● **Working data**:
══════════════════════════════
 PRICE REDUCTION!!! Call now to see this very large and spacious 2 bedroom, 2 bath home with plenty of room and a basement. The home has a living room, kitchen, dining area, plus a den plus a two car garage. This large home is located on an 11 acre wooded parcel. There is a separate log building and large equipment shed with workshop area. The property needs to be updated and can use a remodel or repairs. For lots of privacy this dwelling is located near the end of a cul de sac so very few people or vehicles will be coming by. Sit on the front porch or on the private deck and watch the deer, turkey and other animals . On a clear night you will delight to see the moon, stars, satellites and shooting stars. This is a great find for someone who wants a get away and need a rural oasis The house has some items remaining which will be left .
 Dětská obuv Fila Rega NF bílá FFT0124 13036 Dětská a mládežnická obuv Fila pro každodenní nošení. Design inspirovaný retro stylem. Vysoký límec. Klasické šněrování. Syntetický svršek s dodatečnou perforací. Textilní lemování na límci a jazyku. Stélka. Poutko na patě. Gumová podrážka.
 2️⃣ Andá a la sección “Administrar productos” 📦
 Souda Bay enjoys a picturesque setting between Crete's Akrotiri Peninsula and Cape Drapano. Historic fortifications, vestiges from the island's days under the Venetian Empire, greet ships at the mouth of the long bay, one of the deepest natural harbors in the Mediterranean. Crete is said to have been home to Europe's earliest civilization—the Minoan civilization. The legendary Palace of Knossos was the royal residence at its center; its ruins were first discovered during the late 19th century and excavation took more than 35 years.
══════════════════════════════
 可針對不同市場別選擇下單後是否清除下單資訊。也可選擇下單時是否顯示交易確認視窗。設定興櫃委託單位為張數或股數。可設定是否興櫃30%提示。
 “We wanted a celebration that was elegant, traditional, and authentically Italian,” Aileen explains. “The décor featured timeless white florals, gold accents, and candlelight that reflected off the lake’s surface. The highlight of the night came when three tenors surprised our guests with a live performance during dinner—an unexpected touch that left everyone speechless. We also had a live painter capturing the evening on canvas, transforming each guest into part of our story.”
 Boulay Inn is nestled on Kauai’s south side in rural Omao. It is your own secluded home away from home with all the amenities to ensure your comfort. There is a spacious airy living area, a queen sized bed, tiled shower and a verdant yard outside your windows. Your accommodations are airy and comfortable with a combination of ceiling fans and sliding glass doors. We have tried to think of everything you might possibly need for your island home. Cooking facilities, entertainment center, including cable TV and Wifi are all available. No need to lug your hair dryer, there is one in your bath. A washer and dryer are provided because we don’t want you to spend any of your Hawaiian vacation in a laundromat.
══════════════════════════════
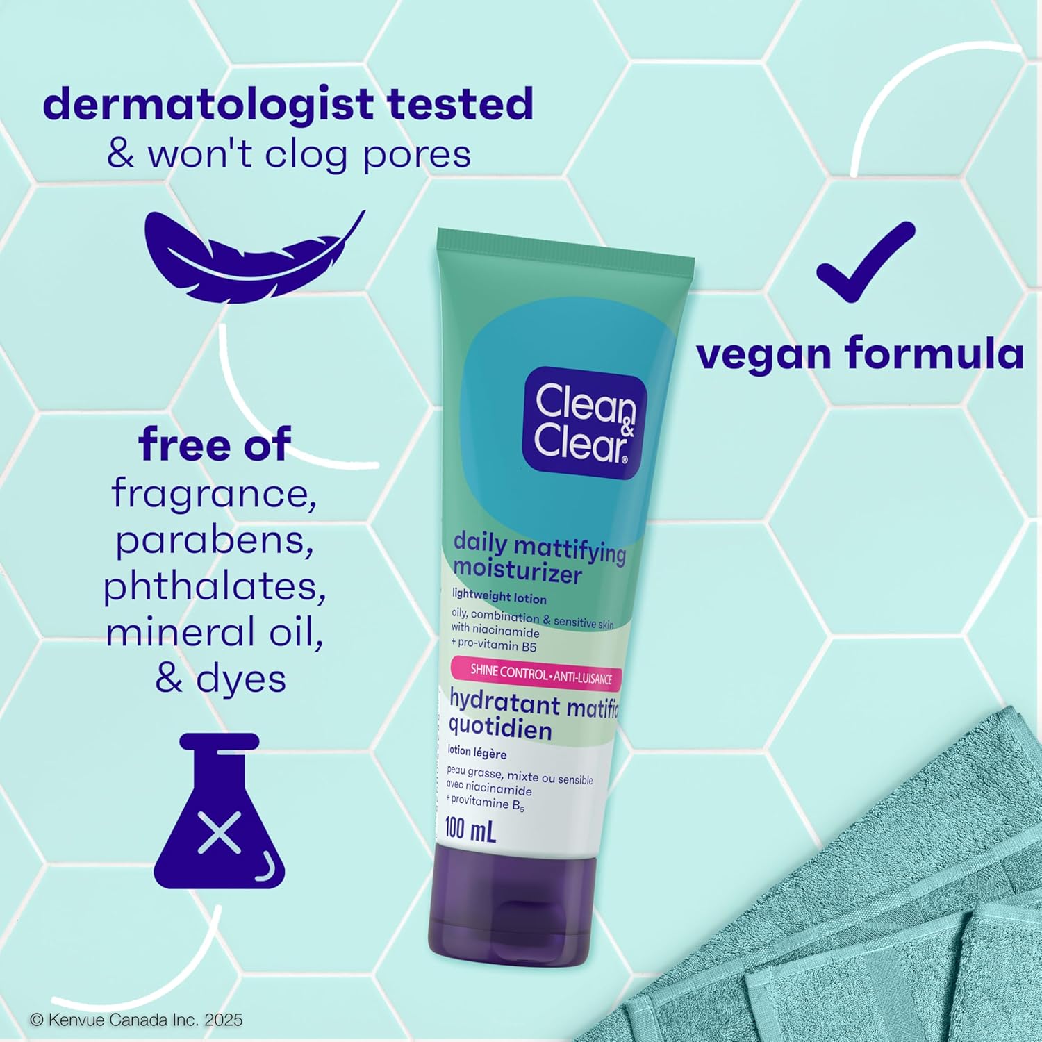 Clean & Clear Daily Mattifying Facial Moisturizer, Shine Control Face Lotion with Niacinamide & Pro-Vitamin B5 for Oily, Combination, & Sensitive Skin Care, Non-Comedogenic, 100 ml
══════════════════════════════
● **What is required**:
Write out exactly the lines that fall from the line with "Dětská obuv Fila" to the line with "Souda Bay enjoys" in the records above, keeping both ends.

● **Written response**:
 Dětská obuv Fila Rega NF bílá FFT0124 13036 Dětská a mládežnická obuv Fila pro každodenní nošení. Design inspirovaný retro stylem. Vysoký límec. Klasické šněrování. Syntetický svršek s dodatečnou perforací. Textilní lemování na límci a jazyku. Stélka. Poutko na patě. Gumová podrážka.
 2️⃣ Andá a la sección “Administrar productos” 📦
 Souda Bay enjoys a picturesque setting between Crete's Akrotiri Peninsula and Cape Drapano. Historic fortifications, vestiges from the island's days under the Venetian Empire, greet ships at the mouth of the long bay, one of the deepest natural harbors in the Mediterranean. Crete is said to have been home to Europe's earliest civilization—the Minoan civilization. The legendary Palace of Knossos was the royal residence at its center; its ruins were first discovered during the late 19th century and excavation took more than 35 years.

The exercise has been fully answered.